→ **Raw data**
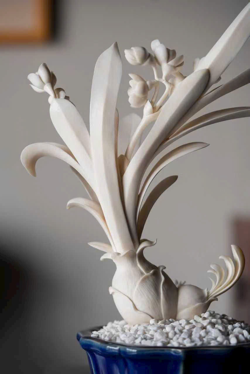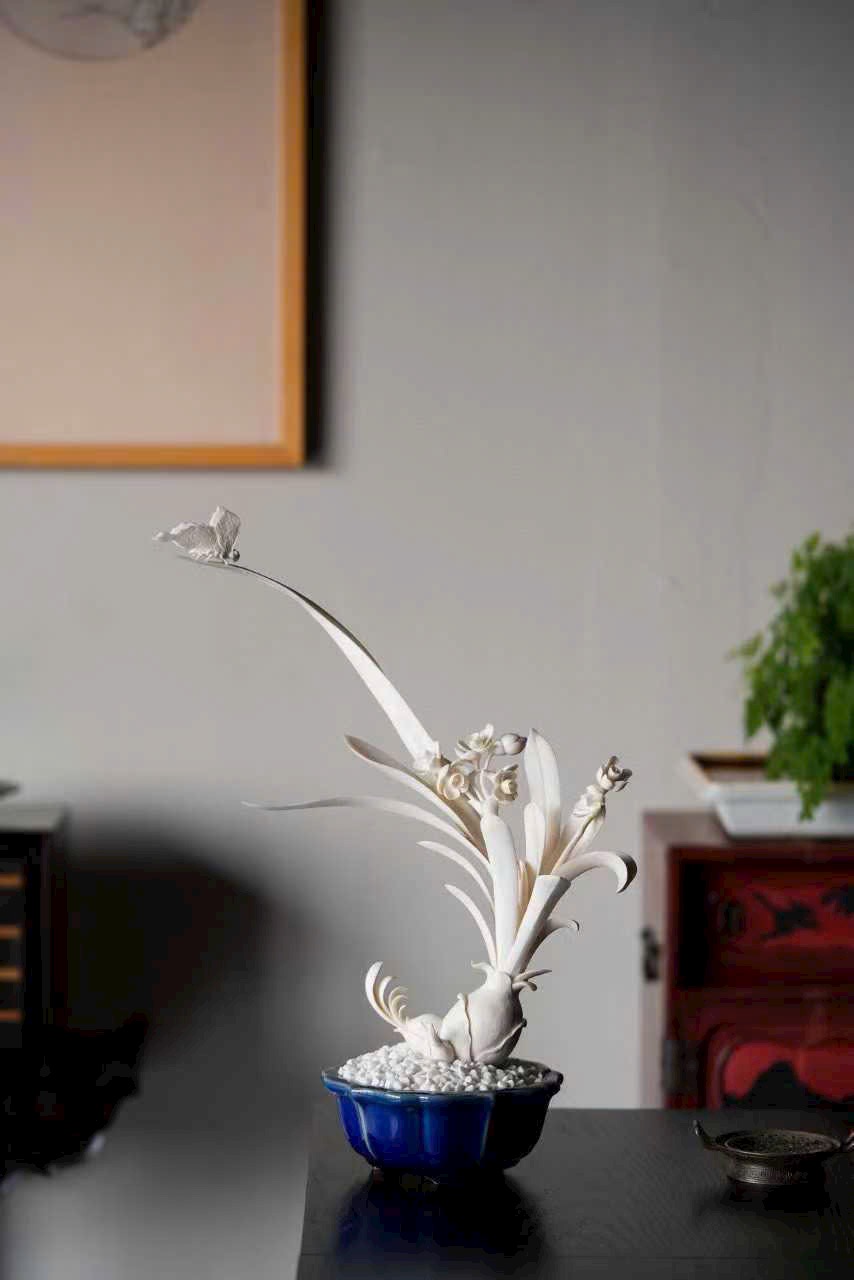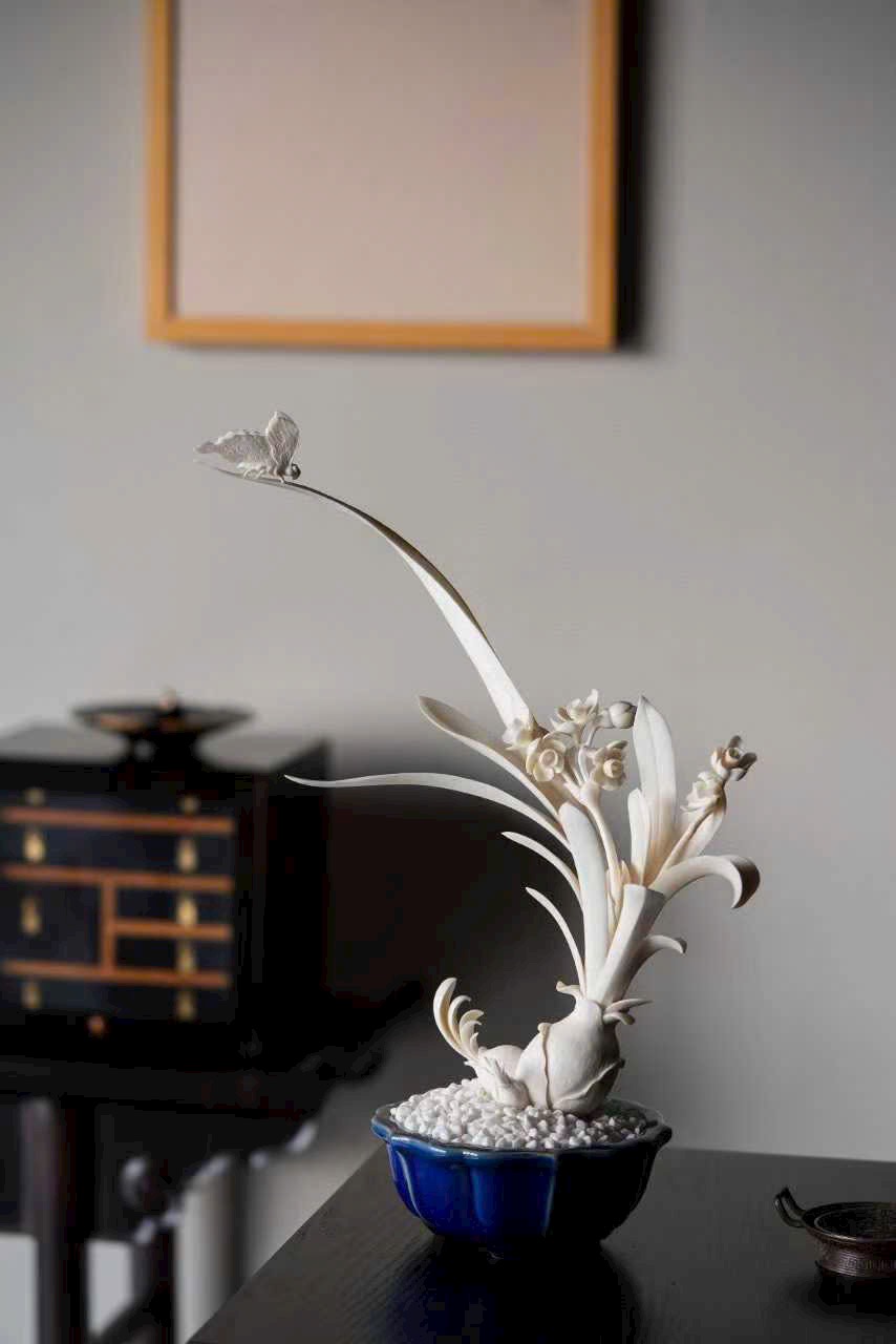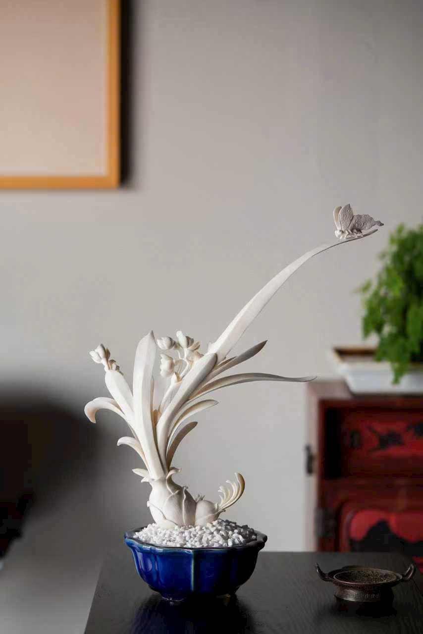Khéo léo chạm khắc hình thủy tiên nở hương thanh khiết, cánh bướm rung rinh đậu trên cánh ngọc, từng đường gân lá mảnh mai hiện rõ tinh tế. Bày trên án tựa như ôm trọn sắc xuân — bướm vờn hương ngát, ngắm nhìn tĩnh tại mà chan chứa thi vị thiền.
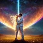 Couple Kissing in Cosmic Field with Heart-Shaped Colors
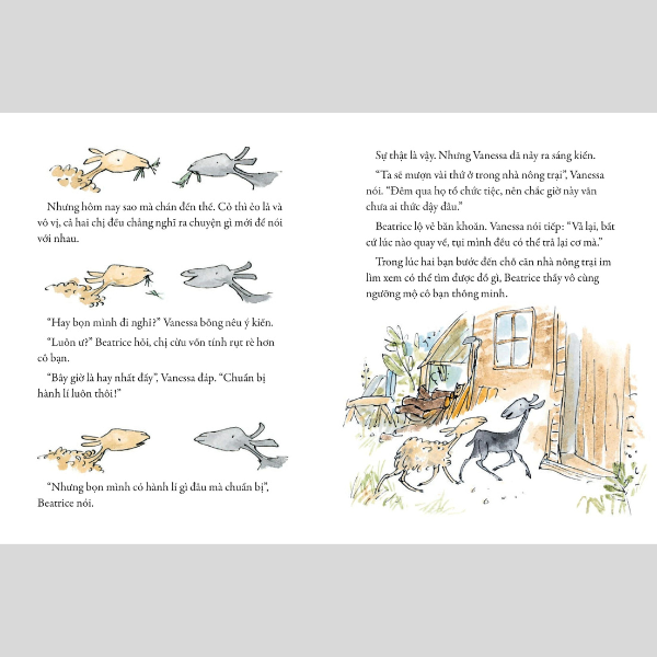 Ngày nào cũng như ngày nào, chị cừu Beatrice và chị dê Vanessa cùng nhai chóp chép, cùng tán chuyện trên đồng cỏ quen thuộc. Một hôm, hơi chán, hai chị rủ nhau lên đường đi nghỉ, chỉ mang theo vài quả bóng bay và một thứ còn lạ lùng hơn, ngạc nhiên thay, cả hai đều trở nên hữu ích bất ngờ… Chuyện gì sẽ xảy ra tiếp theo nhỉ? Hãy theo dõi cuốn sách tuyệt hay này nhé!
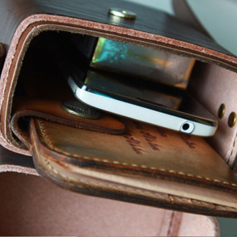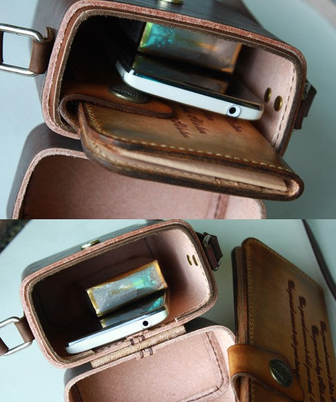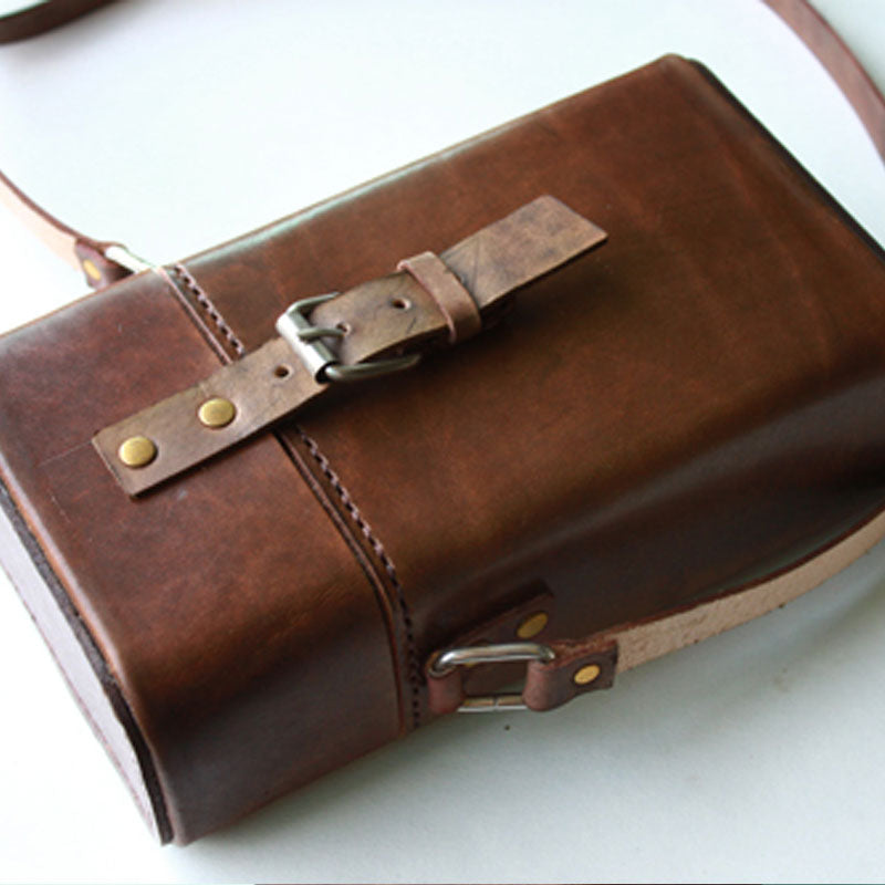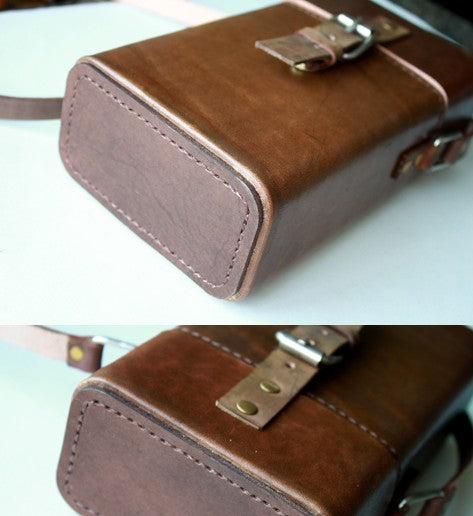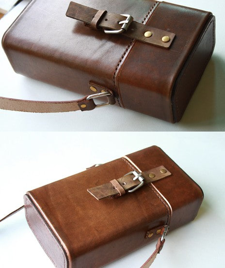 Design: Handmade Leather Mens Small Box Bag Shoulder Bag Messenger Bag for Men

→ **Work instructions**
Go through the listing above and quote it exactly, apart from its images.

→ **Solution to this task**
Khéo léo chạm khắc hình thủy tiên nở hương thanh khiết, cánh bướm rung rinh đậu trên cánh ngọc, từng đường gân lá mảnh mai hiện rõ tinh tế. Bày trên án tựa như ôm trọn sắc xuân — bướm vờn hương ngát, ngắm nhìn tĩnh tại mà chan chứa thi vị thiền.
 Couple Kissing in Cosmic Field with Heart-Shaped Colors
 Ngày nào cũng như ngày nào, chị cừu Beatrice và chị dê Vanessa cùng nhai chóp chép, cùng tán chuyện trên đồng cỏ quen thuộc. Một hôm, hơi chán, hai chị rủ nhau lên đường đi nghỉ, chỉ mang theo vài quả bóng bay và một thứ còn lạ lùng hơn, ngạc nhiên thay, cả hai đều trở nên hữu ích bất ngờ… Chuyện gì sẽ xảy ra tiếp theo nhỉ? Hãy theo dõi cuốn sách tuyệt hay này nhé!
 Design: Handmade Leather Mens Small Box Bag Shoulder Bag Messenger Bag for Men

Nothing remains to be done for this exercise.